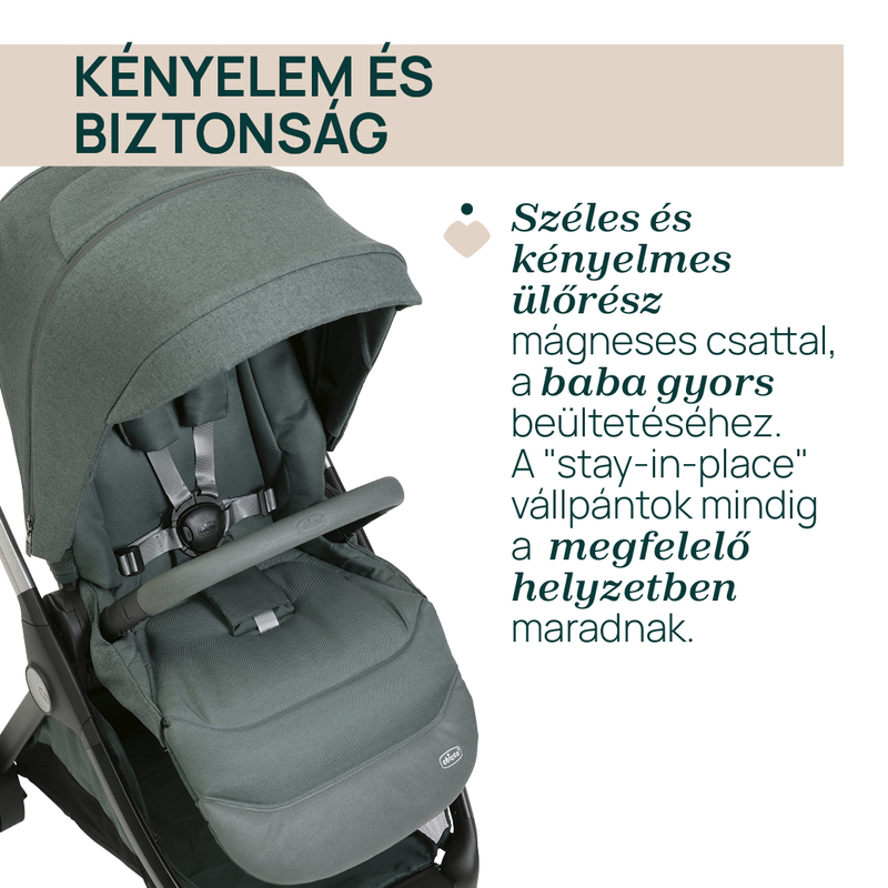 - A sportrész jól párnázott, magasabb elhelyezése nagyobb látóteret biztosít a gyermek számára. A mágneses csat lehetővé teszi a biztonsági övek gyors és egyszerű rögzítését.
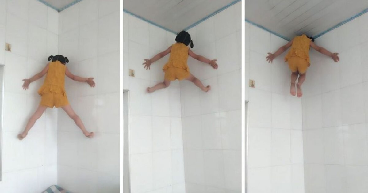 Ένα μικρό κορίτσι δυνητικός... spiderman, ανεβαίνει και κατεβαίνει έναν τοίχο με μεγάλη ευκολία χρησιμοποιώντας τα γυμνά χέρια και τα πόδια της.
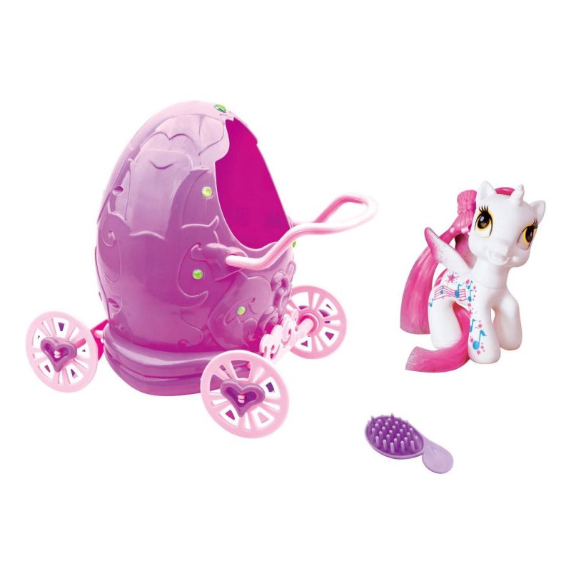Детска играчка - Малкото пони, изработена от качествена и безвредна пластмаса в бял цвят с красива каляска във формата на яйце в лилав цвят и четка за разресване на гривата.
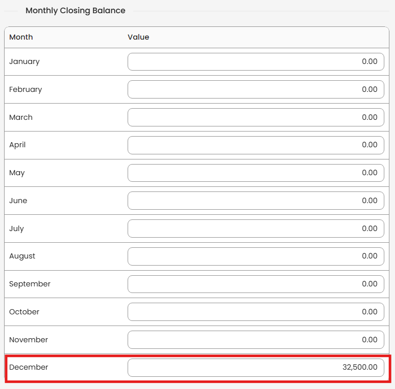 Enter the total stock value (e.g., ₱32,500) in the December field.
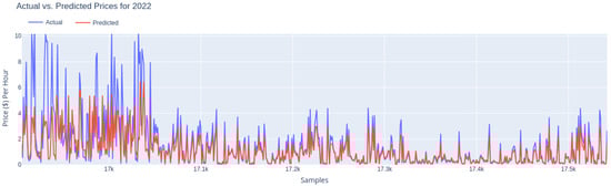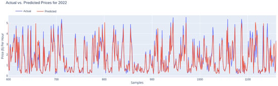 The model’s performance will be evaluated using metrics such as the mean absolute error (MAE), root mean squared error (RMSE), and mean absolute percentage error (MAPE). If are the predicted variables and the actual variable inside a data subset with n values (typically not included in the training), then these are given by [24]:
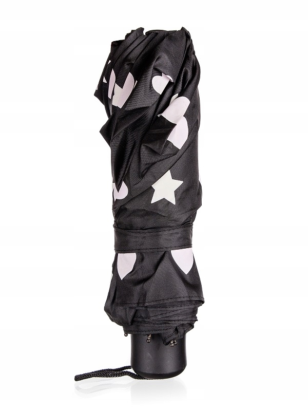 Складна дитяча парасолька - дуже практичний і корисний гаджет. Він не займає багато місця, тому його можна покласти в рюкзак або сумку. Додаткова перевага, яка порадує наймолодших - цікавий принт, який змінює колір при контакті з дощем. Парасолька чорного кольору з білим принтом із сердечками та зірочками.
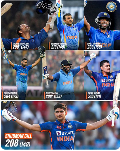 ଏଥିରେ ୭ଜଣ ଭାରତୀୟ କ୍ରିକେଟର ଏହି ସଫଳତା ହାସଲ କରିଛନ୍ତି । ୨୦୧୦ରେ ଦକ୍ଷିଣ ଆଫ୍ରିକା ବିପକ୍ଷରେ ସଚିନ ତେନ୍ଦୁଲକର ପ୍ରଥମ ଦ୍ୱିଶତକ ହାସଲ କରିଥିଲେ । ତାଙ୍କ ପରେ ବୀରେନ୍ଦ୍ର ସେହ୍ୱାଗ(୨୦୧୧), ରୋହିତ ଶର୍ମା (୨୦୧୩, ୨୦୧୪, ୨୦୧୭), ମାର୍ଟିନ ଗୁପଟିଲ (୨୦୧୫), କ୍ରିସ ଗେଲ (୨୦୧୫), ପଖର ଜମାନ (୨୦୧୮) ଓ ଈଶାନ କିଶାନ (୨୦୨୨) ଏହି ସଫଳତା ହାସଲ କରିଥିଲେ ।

-.-.-

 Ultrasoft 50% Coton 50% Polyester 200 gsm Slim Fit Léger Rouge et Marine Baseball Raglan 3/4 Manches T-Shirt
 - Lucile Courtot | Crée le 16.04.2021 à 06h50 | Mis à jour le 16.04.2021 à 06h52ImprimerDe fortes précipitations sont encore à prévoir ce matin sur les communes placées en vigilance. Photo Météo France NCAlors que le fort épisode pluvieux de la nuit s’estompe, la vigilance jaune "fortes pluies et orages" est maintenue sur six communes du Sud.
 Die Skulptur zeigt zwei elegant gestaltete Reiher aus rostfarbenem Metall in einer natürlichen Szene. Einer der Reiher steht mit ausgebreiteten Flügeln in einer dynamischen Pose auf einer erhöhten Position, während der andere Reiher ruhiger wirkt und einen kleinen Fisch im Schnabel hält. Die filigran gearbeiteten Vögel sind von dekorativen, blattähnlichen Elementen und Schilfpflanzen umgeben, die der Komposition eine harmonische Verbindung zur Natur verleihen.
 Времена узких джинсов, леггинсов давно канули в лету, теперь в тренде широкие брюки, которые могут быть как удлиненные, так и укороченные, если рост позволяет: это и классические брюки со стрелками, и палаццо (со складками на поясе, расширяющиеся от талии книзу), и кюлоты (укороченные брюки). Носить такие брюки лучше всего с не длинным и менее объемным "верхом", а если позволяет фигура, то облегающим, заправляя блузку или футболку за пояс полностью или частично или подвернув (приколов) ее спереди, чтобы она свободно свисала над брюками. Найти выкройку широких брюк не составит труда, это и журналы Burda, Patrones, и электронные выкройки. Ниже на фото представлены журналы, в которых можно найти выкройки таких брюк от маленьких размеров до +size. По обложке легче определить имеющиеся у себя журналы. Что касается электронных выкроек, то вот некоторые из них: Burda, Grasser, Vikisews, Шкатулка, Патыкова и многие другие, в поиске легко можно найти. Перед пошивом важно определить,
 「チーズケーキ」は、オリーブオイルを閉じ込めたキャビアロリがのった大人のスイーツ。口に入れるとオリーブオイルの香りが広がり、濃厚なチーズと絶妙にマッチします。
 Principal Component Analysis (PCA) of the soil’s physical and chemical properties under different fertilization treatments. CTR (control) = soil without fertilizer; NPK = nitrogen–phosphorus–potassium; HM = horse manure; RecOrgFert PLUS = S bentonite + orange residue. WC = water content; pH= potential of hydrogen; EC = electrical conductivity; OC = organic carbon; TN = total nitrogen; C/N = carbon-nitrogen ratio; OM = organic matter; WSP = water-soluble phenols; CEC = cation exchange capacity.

-.-.-

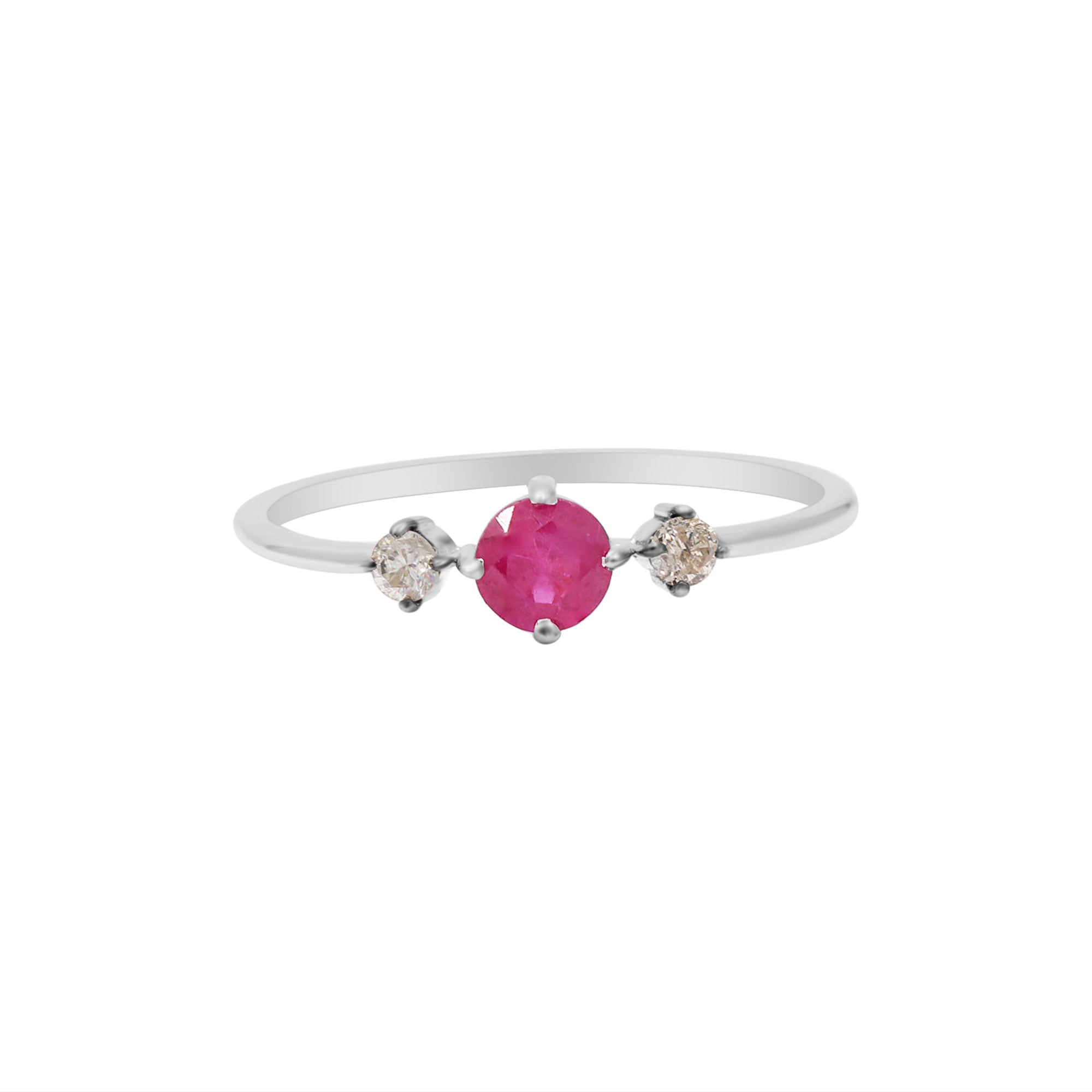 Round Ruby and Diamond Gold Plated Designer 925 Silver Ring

-.-.-

## YOUR ASSIGNMENT
Output exactly the lines above, from the line with "The model’s performance" to the line with "ଏଥିରେ ୭ଜଣ ଭାରତୀୟ", both included; skip the pictures.

## RESPONSE TO THIS EXERCISE
 The model’s performance will be evaluated using metrics such as the mean absolute error (MAE), root mean squared error (RMSE), and mean absolute percentage error (MAPE). If are the predicted variables and the actual variable inside a data subset with n values (typically not included in the training), then these are given by [24]:
 Складна дитяча парасолька - дуже практичний і корисний гаджет. Він не займає багато місця, тому його можна покласти в рюкзак або сумку. Додаткова перевага, яка порадує наймолодших - цікавий принт, який змінює колір при контакті з дощем. Парасолька чорного кольору з білим принтом із сердечками та зірочками.
 ଏଥିରେ ୭ଜଣ ଭାରତୀୟ କ୍ରିକେଟର ଏହି ସଫଳତା ହାସଲ କରିଛନ୍ତି । ୨୦୧୦ରେ ଦକ୍ଷିଣ ଆଫ୍ରିକା ବିପକ୍ଷରେ ସଚିନ ତେନ୍ଦୁଲକର ପ୍ରଥମ ଦ୍ୱିଶତକ ହାସଲ କରିଥିଲେ । ତାଙ୍କ ପରେ ବୀରେନ୍ଦ୍ର ସେହ୍ୱାଗ(୨୦୧୧), ରୋହିତ ଶର୍ମା (୨୦୧୩, ୨୦୧୪, ୨୦୧୭), ମାର୍ଟିନ ଗୁପଟିଲ (୨୦୧୫), କ୍ରିସ ଗେଲ (୨୦୧୫), ପଖର ଜମାନ (୨୦୧୮) ଓ ଈଶାନ କିଶାନ (୨୦୨୨) ଏହି ସଫଳତା ହାସଲ କରିଥିଲେ ।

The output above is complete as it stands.